Pizzeria Delfina is one of my favorite lunch spots in the city (my go-to order is their broccoli rabe pizza, a poem to Neapolitan pies everywhere) and a new-favorite starter is their special insalata granturco (“corncob salad”), an easy arrangement of sweet summer corn, cherry tomatoes, and arugula. The salad tastes like summer, light and sweet and pared down to a breezy, bright simplicity.

It’s so simple, actually, that my version involves three minutes in a microwave (sweet summer corn and no cleanup!) and two minutes on a cutting board, and that’s about it. You’ll notice there are no proper measurements below, just an eyeballed estimate, and I don’t even fuss with a vinaigrette, opting to just glug a little olive oil and balsamic over top. Serve on a platter or in a large, shallow bowl so it’s easy to see and scoop up all those lovely ingredients, and consider pairing it with marinated, grilled flank steak, which in my estimation is a perfect match. Summertime and the living is so easy.

Quick Corn & Tomato Summer Salad
inspired by Pizzeria Delfina’s Insalata Granturco; serves 3-4

  • one ear of corn in its husk
  • half-pint of cherry tomatoes
  • four large handfuls of arugula
  • ricotta salata, pecorino or any other aged sheep’s milk cheese
  • extra-virgin olive oil
  • balsamic vinegar
  • kosher salt and pepper

Cut off the top 1″ of the corncob and discard. Dampen a paper towel so it’s saturated but not dripping wet and fold into quarters. Place the towel on top of the corncob and microwave for 90 seconds. Flip the corn over, return the paper towel on top and microwave for 90 more seconds. Carefully pull back the husk and any silk (it will be steaming hot) and cut off the stalk end by 1/2″; discard the husk. Prop the corncob up vertically on a cutting board and with a sharp knife, slice off the kernels.

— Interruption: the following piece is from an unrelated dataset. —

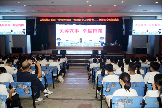 为筑牢校园交通安全防线,增强师生及家长的交通安全意识,近日,新田一中邀请到新田县公安局交警大队宣讲员廖文华,为高一新生上了一堂交通安全知识的讲座。

Slice the cherry tomatoes into halves. In a large salad bowl or platter, add the tomatoes and corn kernels and sprinkle with a little salt and pepper. Add the arugula. With a vegetable peeler, shave a bit of the cheese over top. Dress very lightly with equal parts olive oil and vinegar, about a tablespoon at a time, and toss. (You can always add more, but you can’t take it away; aim to just barely kiss the arugula with dressing.) Grind pepper over top and garnish with a some cheese shavings. Serve.

Note: If you don’t have a microwave, you can also steam the corn on the stovetop. Remove the husk and any silk, cut in half cross-wise and place in a steamer basket, covered, over simmering water for about 15 minutes or until tender.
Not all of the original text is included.